#### Data
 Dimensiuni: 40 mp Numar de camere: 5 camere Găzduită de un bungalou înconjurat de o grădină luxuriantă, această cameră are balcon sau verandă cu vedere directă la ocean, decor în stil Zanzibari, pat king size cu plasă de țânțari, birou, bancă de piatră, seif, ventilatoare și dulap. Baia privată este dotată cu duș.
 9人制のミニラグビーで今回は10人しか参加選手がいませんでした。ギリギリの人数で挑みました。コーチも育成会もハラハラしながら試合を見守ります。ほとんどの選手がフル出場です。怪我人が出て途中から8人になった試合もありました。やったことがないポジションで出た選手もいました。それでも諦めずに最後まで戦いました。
########
#### Data
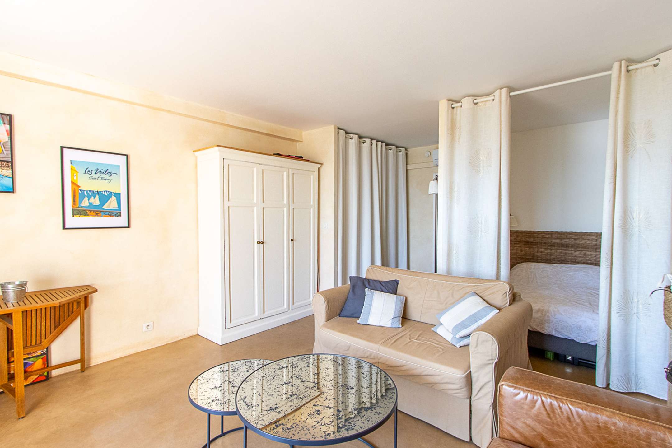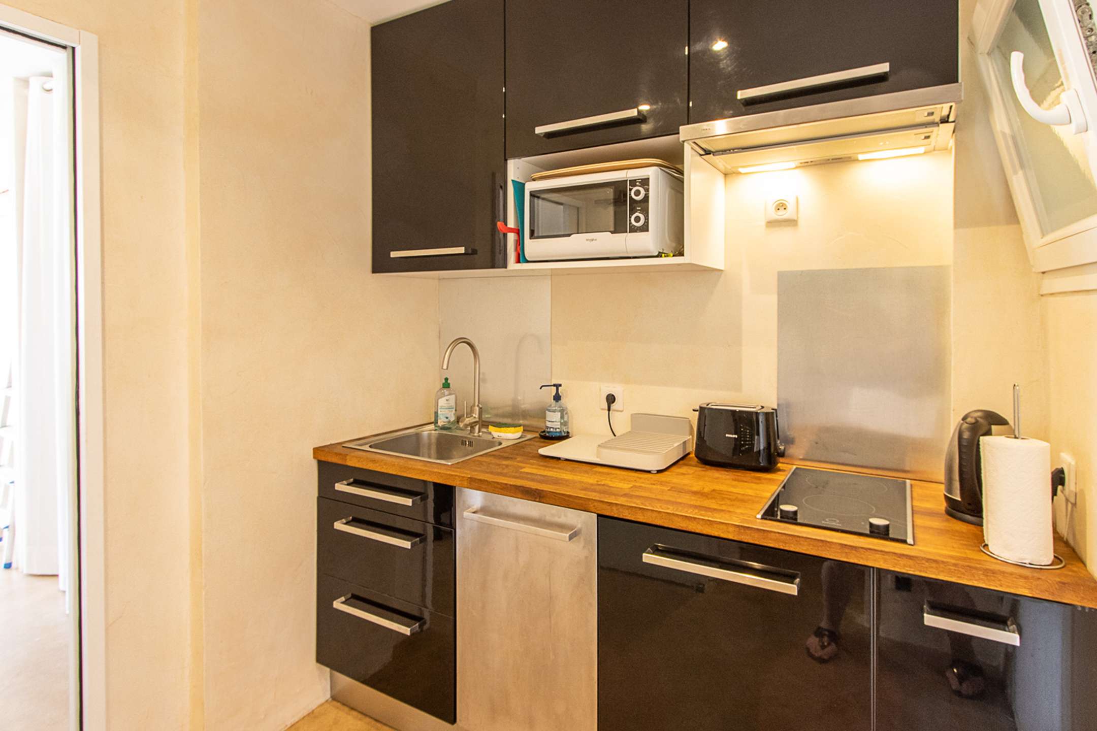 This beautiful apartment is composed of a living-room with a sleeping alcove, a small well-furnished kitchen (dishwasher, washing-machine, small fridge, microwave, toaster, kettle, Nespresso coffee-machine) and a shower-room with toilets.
########
*Task requirements*. Within the material above, the line with "Dimensiuni: 40 mp" opens the range and the line with "9人制のミニラグビーで今回は" closes it; reproduce that range word for word.

*Exercise response*.
 Dimensiuni: 40 mp Numar de camere: 5 camere Găzduită de un bungalou înconjurat de o grădină luxuriantă, această cameră are balcon sau verandă cu vedere directă la ocean, decor în stil Zanzibari, pat king size cu plasă de țânțari, birou, bancă de piatră, seif, ventilatoare și dulap. Baia privată este dotată cu duș.
 9人制のミニラグビーで今回は10人しか参加選手がいませんでした。ギリギリの人数で挑みました。コーチも育成会もハラハラしながら試合を見守ります。ほとんどの選手がフル出場です。怪我人が出て途中から8人になった試合もありました。やったことがないポジションで出た選手もいました。それでも諦めずに最後まで戦いました。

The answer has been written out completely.